Library Journal - Audio
04/01/2022
Sullivan (Stalin's Daughter) offers a fascinating overview of a six-year cold case investigation by FBI agent Vincent Pankoke and his amazing team of psychologists, criminologists, archivists, and forensic scientists, who aimed to definitively identify the person or people who in 1944 betrayed Anne Frank, her family, and four Dutch Jews to the Gestapo. Anne Frank's The Diary of a Young Girl has been read by more 30 million people, but it ends just before the eight people hiding in an attic in Amsterdam during World War II are discovered and sent to a concentration camp. Sullivan's excellent attempt to understand how eight people can go undetected for more than two years allows her to offer a vivid picture of Amsterdam, wartime, and the best and worst of the human heart. Julie Whelan's narration of the audiobook creates the tension necessary for listeners to get lost in the Franks' story—living in a time and place where it was difficult to know who to trust and where all actions had to be questioned. VERDICT A memorable cold case investigation that answers numerous nagging questions about how the Nazis discovered where Anne Frank and seven others were hiding during World War II.—Pam Kingsbury
From the Publisher
"Sullivan’s narrative, full of twists and turns and dead-end leads, commands attention at every page, dramatic without being sensational." — Kirkus Reviews (starred review)

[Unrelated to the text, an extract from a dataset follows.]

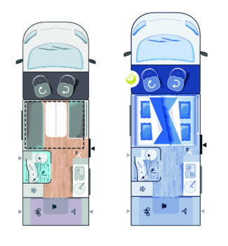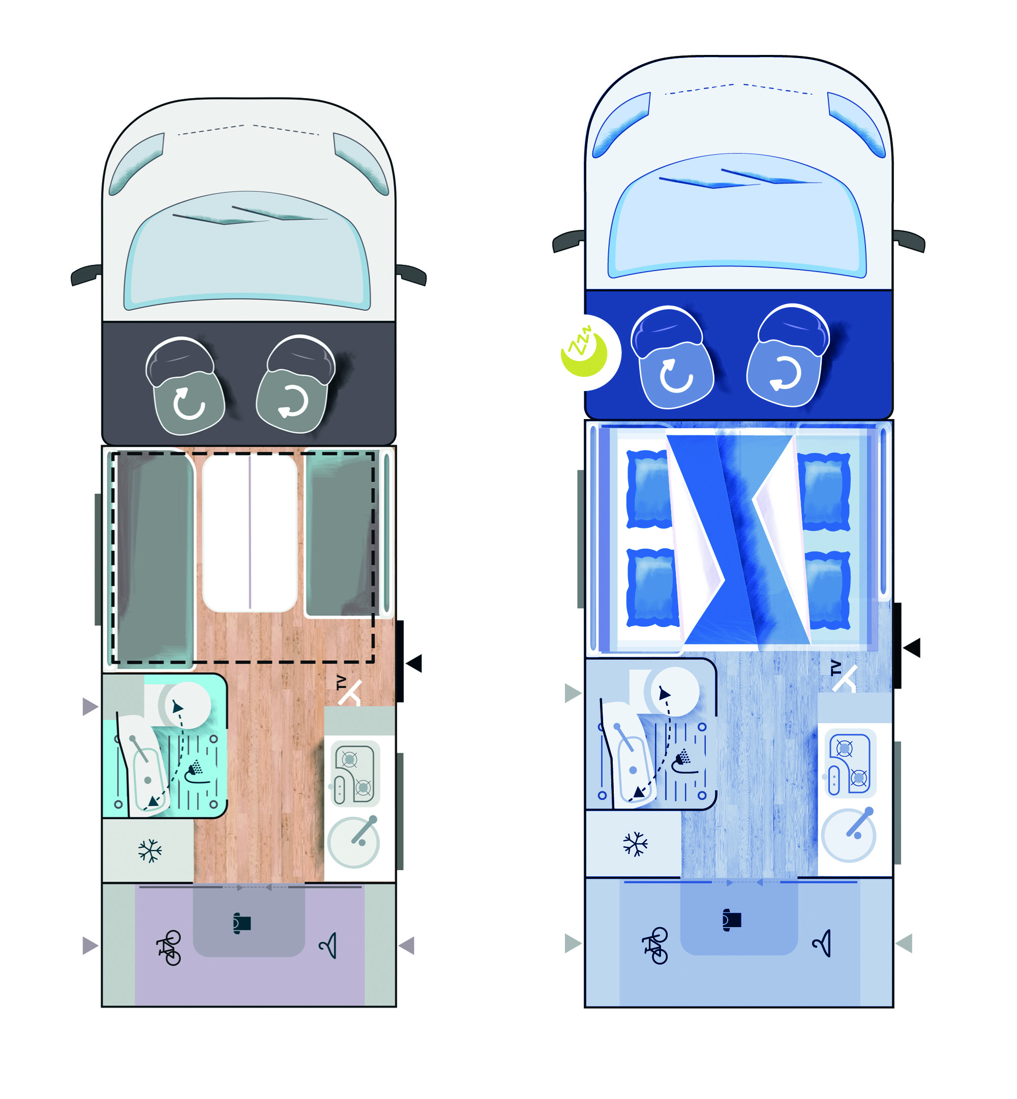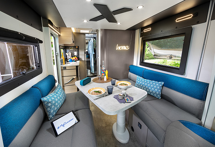 In het zitgedeelte is gekozen voor een face-to-face-indeling. De banken staan tegenover elkaar, wat voor een ruimtelijk gevoel zorgt. Er zijn vier goedgekeurde zitplaatsen, waarvan twee met Isofix.

“Hums with living history, human warmth and indignation….Sullivan circles all of these possibilities like Agatha Christie with Zoom and a time machine.” — New York Times
"The Betrayal of Anne Frank is a stunning piece of historical detective work, cleverly structured and grippingly written." — Telegraph (UK)
New York Times
Hums with living history, human warmth and indignation….Sullivan circles all of these possibilities like Agatha Christie with Zoom and a time machine.
Telegraph (UK)
"The Betrayal of Anne Frank is a stunning piece of historical detective work, cleverly structured and grippingly written."
Winnipeg Free Press
There are words of such sorrow in The Betrayal of Anne Frank that they may lodge forever in the cupboards of your mind.
Library Journal
08/01/2021
Anne Frank's The Diary of a Young Girl is among the most-read books in the world, but despite reams of studies no one has been able to determine who betrayed its author and her family. Finally, as recounted here by award-winning Canadian author Sullivan, retired FBI agent Vincent Pankoke stepped in with a team of investigators, examining over tens of thousands of pages of documents and interviewing descendants of people familiar with the Franks to come to the conclusions relayed here.
Kirkus Reviews
★ 2022-01-26
An extraordinary tale of modern science and old-fashioned gumshoe work applied to a world-renowned crime 80 years after the fact.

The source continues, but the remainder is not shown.